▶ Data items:
· · · ·

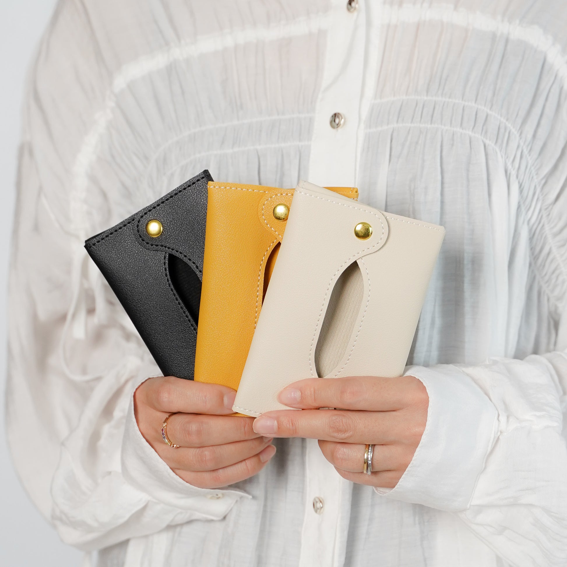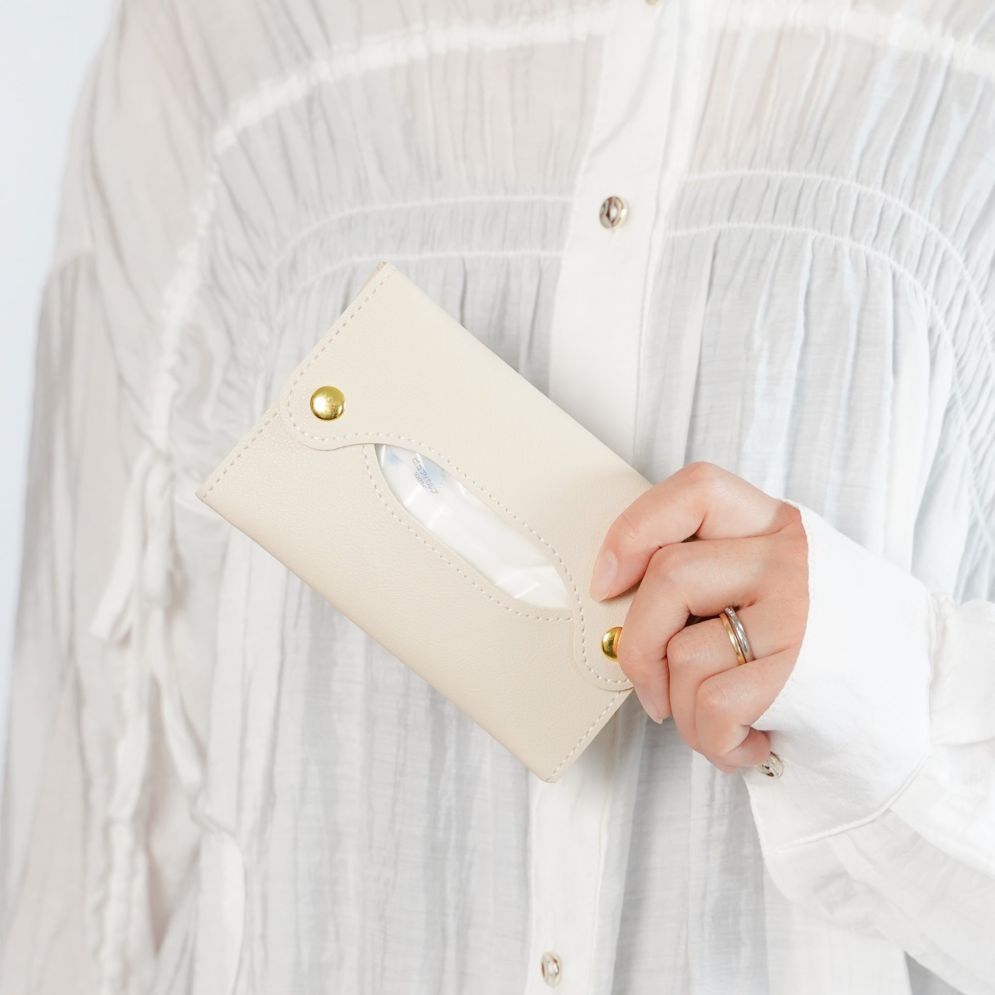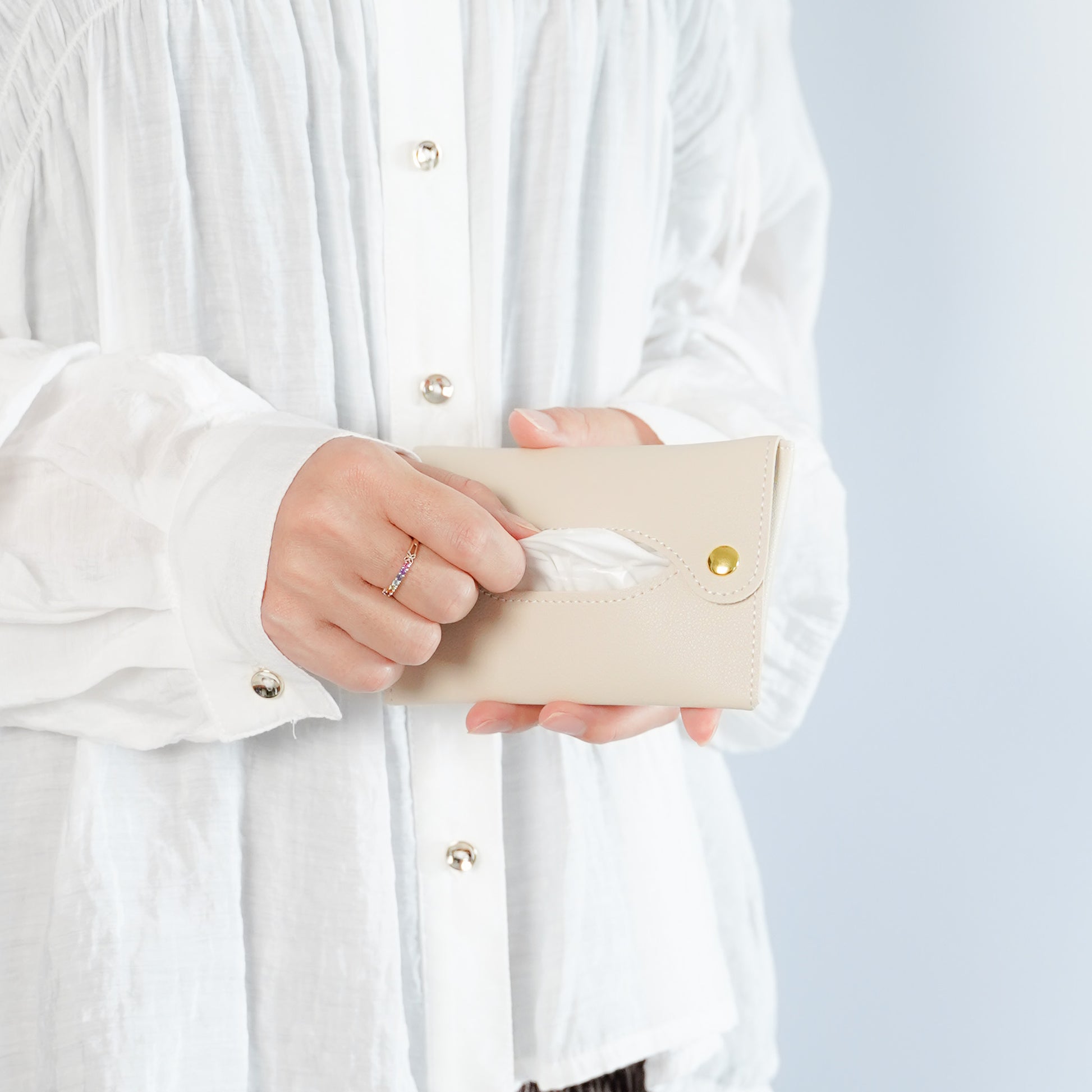 柔らかなPUレザー素材を使った、ポケットティッシュ専用カバーです。
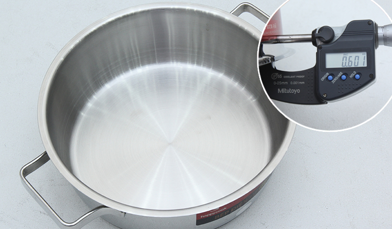 Lớp Inox 201 bên trong không phản ứng với thức ăn, lớp nhôm ở giữa thu nhiệt nhanh, tỏa nhiệt đều, lớp inox 430 bên ngoài có đặc tính nhiễm từ giúp nồi sử dụng được trên bếp từ.
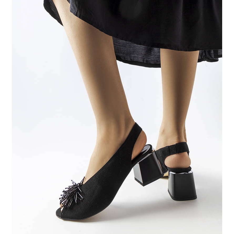 - Modèle: Sandales en daim noir avec perles 4712/003-P
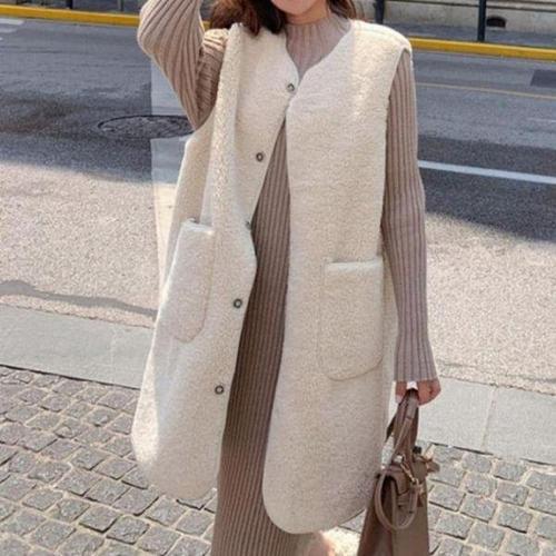 [셀러허브_여성트랜드패션]여성 브이넥 뽀글이조끼 양털후리스 보온 조끼 플리스 양털 누빔조끼 롱 베스..
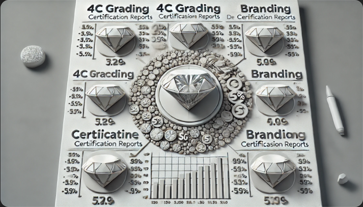 - 일반적으로 GIA(미국 보석 감정 기관) 감정을 받은 다이아몬드는 높은 신뢰도를 가지지만, 일부 로컬 감정서는 상대적으로 가격이 낮게 평가됩니다.
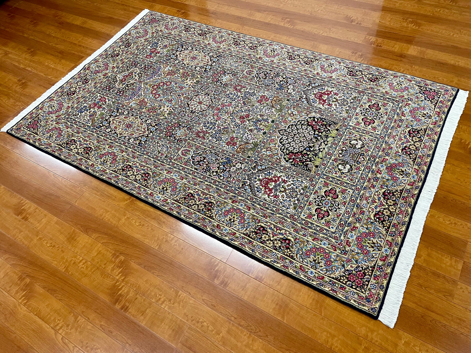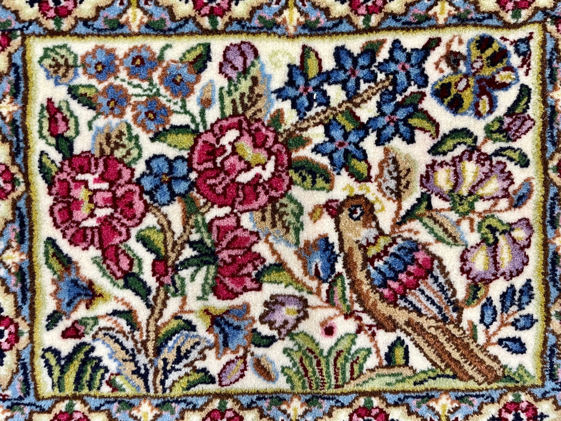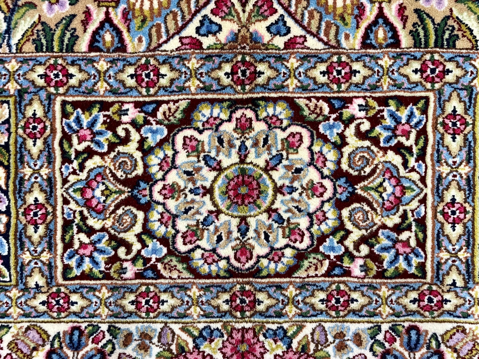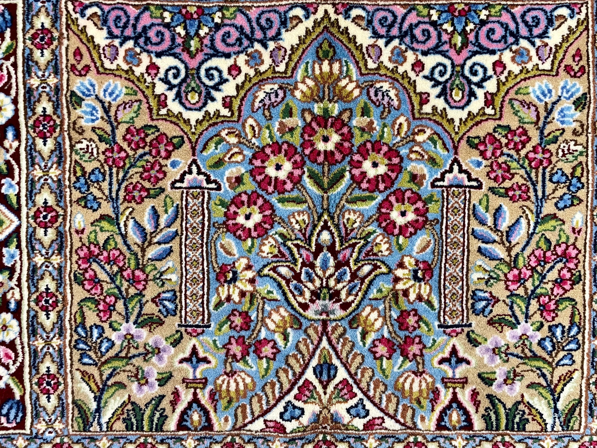 ケルマンの絨毯は、「Hezar」=千、「Gol」=花、「千の花の絨毯」と言われ、まるで色とりどりの美しい「千の花」が散りばめられたようなデザインが多く織られているのが特徴です。
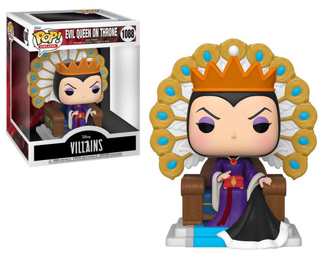This Disney Villains Evil Queen on Throne Deluxe Pop! Vinyl Figure comes packaged in a window display box. Ages 3 and up
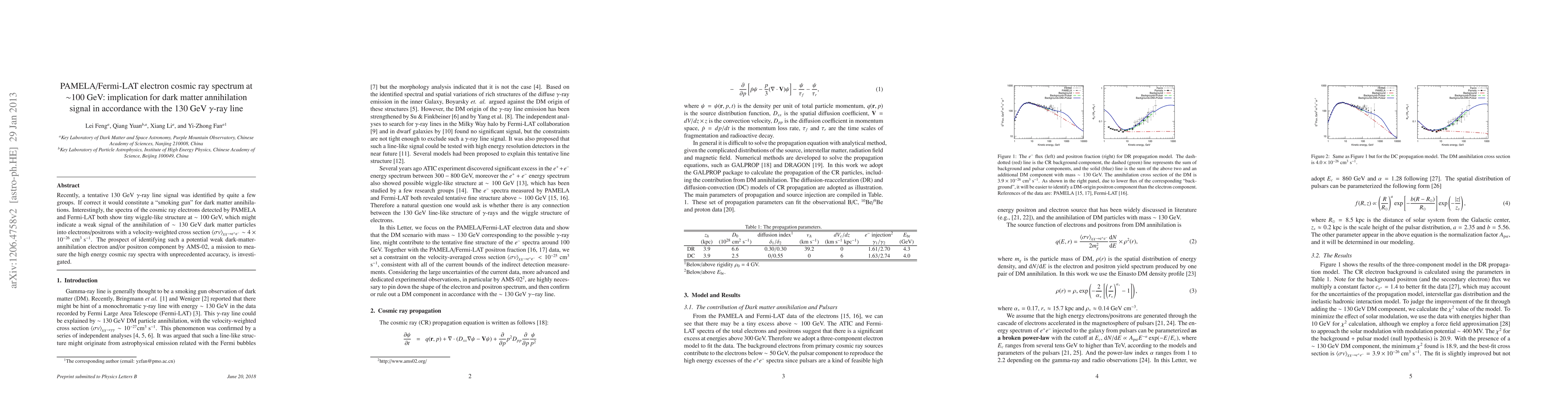 This paper investigates the cosmic ray electron spectrum at ~100 GeV detected by PAMELA and Fermi-LAT, finding a potential weak signal that could indicate dark matter annihilation. The study suggests that AMS-02 may further confirm this weak annihilation signal, supporting the hypothesis of a 130 GeV gamma-ray line linked to dark matter.
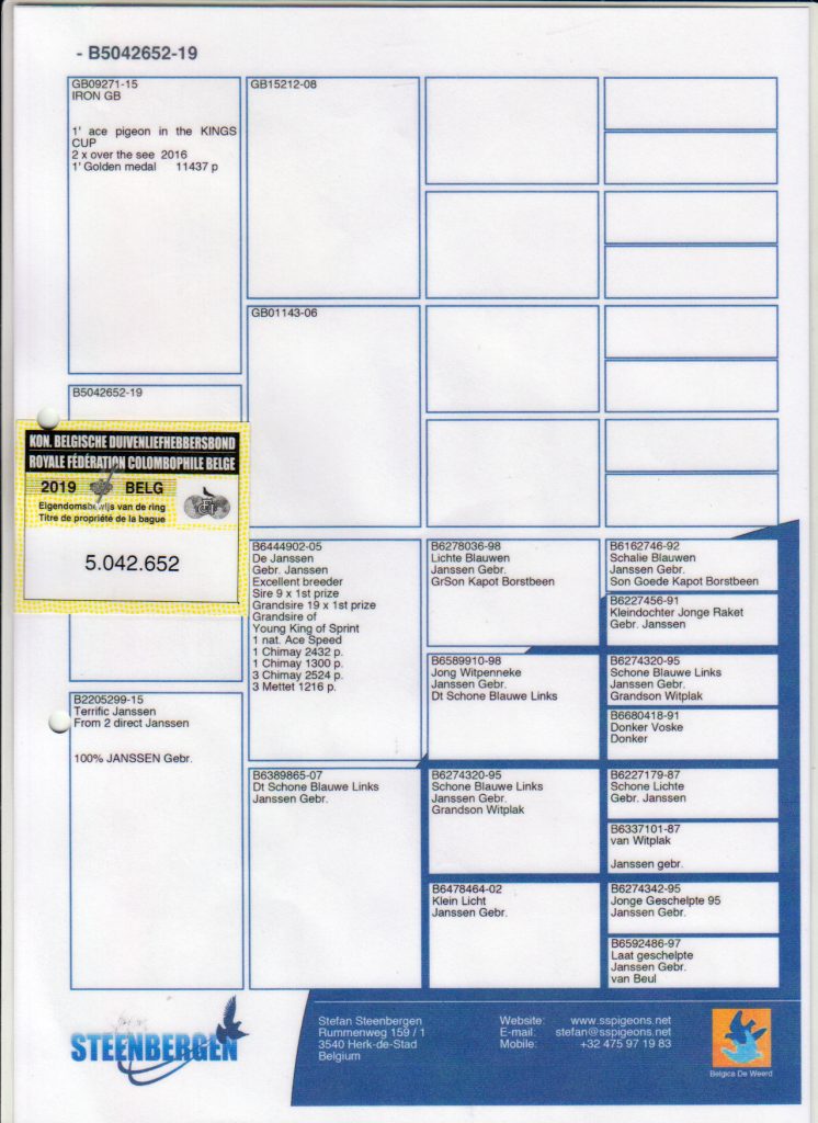 Category : Stefan Steenbergen aukcje gołebi, gołębie Janssen, Gołębie rozpłodowe, Pary rozpłodowe, sprzedaż gołębi, Stefan Steenbergen

· · · ·

▶ Task details: Return only the lines from the one containing "- 일반적으로 GIA(미국" through the last line of the entries above, exactly as written and without pictures.

▶ Expected output:
 - 일반적으로 GIA(미국 보석 감정 기관) 감정을 받은 다이아몬드는 높은 신뢰도를 가지지만, 일부 로컬 감정서는 상대적으로 가격이 낮게 평가됩니다.
 ケルマンの絨毯は、「Hezar」=千、「Gol」=花、「千の花の絨毯」と言われ、まるで色とりどりの美しい「千の花」が散りばめられたようなデザインが多く織られているのが特徴です。
This Disney Villains Evil Queen on Throne Deluxe Pop! Vinyl Figure comes packaged in a window display box. Ages 3 and up
 This paper investigates the cosmic ray electron spectrum at ~100 GeV detected by PAMELA and Fermi-LAT, finding a potential weak signal that could indicate dark matter annihilation. The study suggests that AMS-02 may further confirm this weak annihilation signal, supporting the hypothesis of a 130 GeV gamma-ray line linked to dark matter.
 Category : Stefan Steenbergen aukcje gołebi, gołębie Janssen, Gołębie rozpłodowe, Pary rozpłodowe, sprzedaż gołębi, Stefan Steenbergen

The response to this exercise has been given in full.